Where the line containing "近日,武昌区民政局报送的社会" appears below, begin there and reproduce each line exactly through the last one, omitting pictures.

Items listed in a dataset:

○ ○ ○ ○

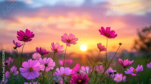 Field of flowers at sunset and dawn spring summer background with bright beautiful flowers
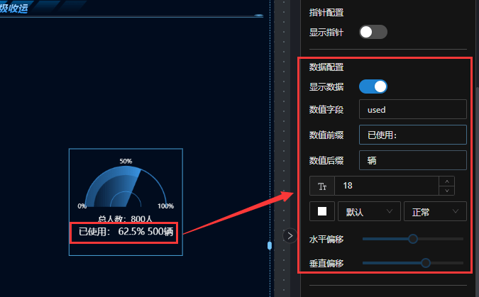 指标字号配置:与基础仪表盘属性一致,支持字体大小配置
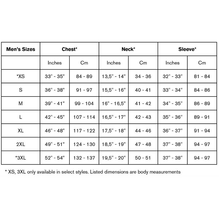 RozmiarKlatka piersiowa (cm)*Szyja (cm)*Rękaw (cm)*
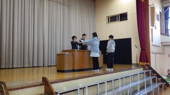 予行練習の後は6年生の体力章の表彰をおこないました。
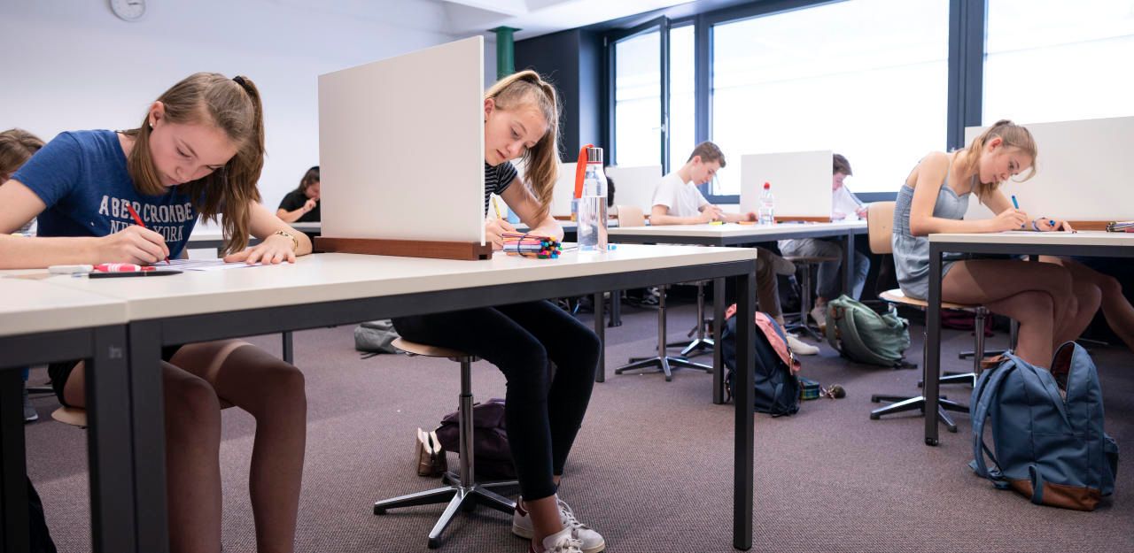 Symbolbild: Schüler schreiben eine Prüfung mit Sichtschutz zum Sitznachbarn.
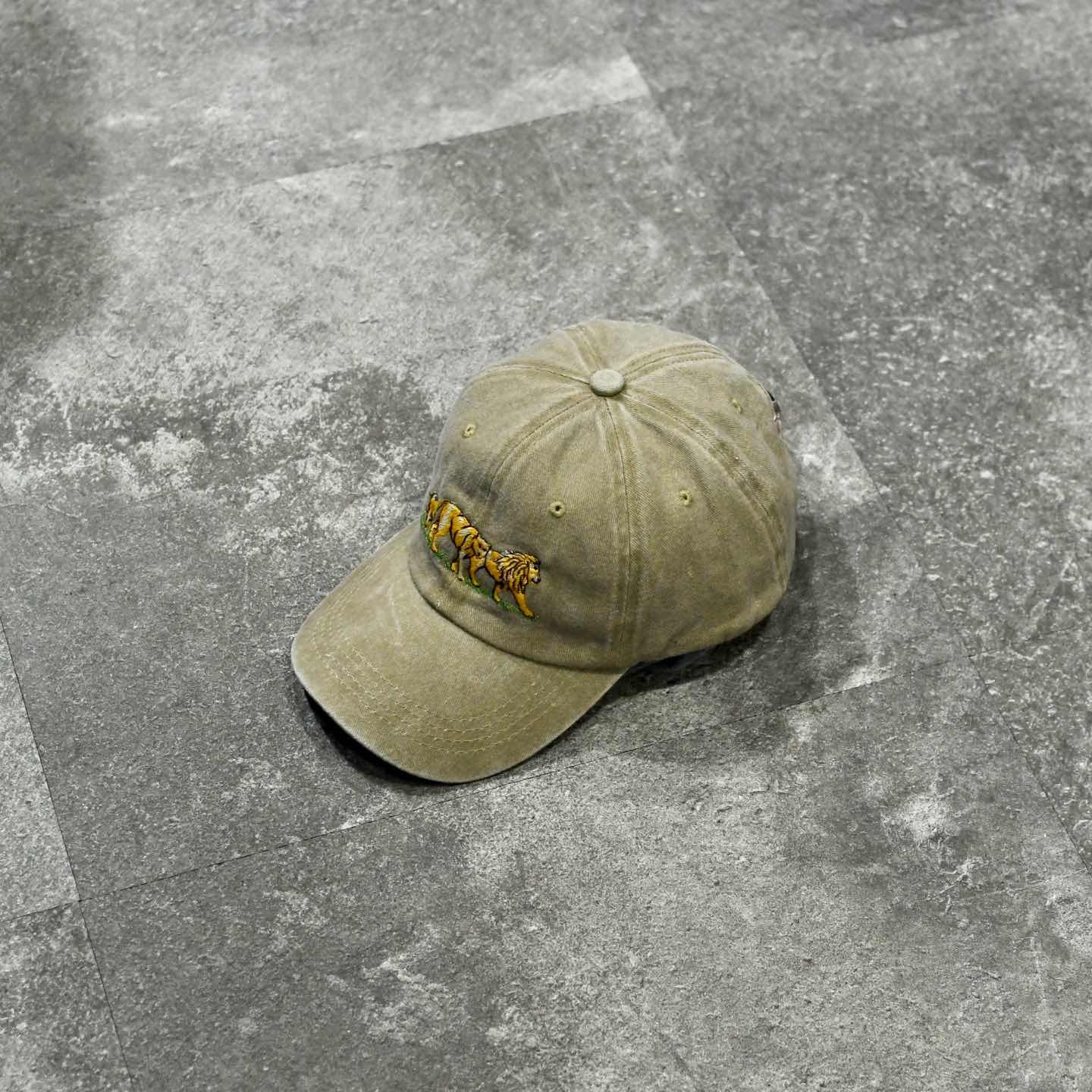 古着 フェード ライオン 6パネル キャップ 帽子 ベージュ
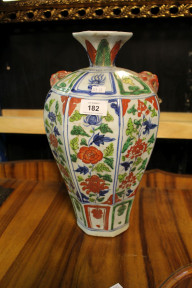 twin moulded handles, polychrome floral design, character marks to underside, 38.5cm T -
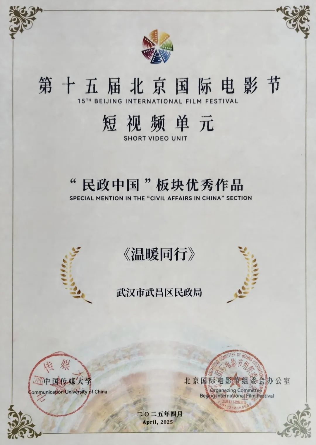 近日,武昌区民政局报送的社会救助宣传片《温暖同行》荣获第十五届北京国际电影节短视频单元“民政中国”板块优秀作品。
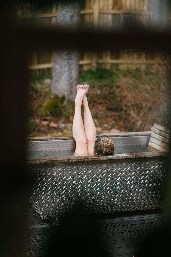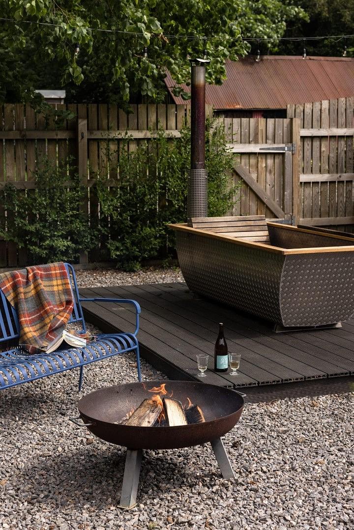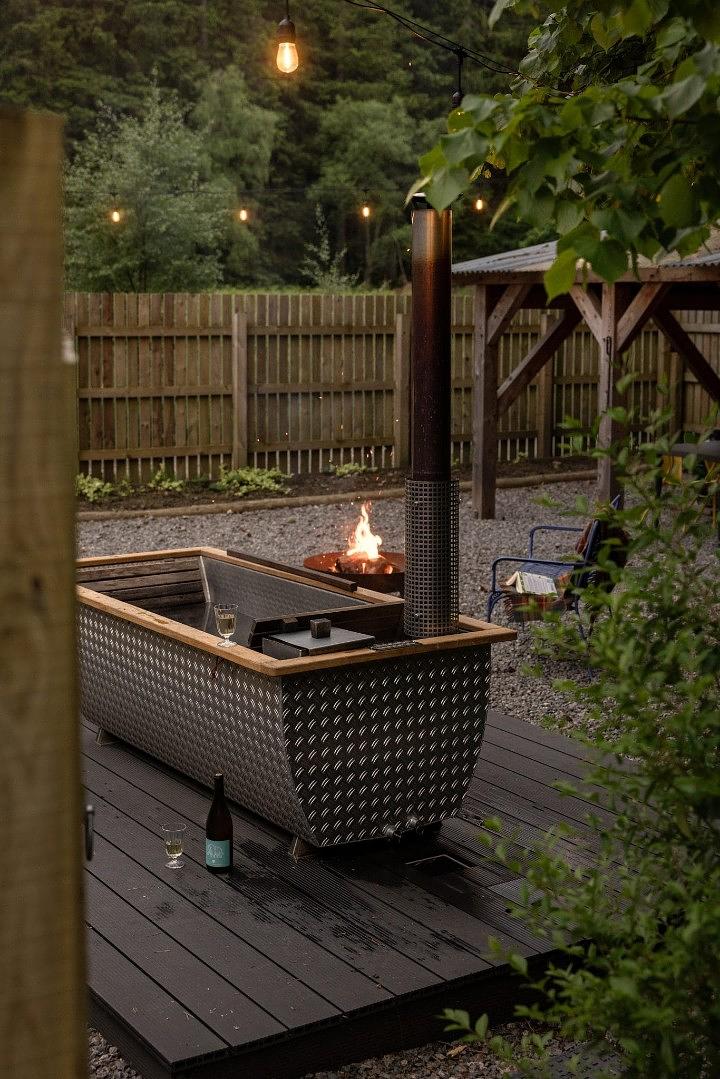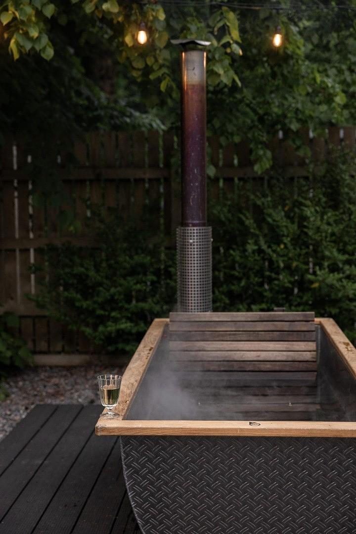 Wood fired outdoor hot tub

○ ○ ○ ○

• [Expected output]
 近日,武昌区民政局报送的社会救助宣传片《温暖同行》荣获第十五届北京国际电影节短视频单元“民政中国”板块优秀作品。
 Wood fired outdoor hot tub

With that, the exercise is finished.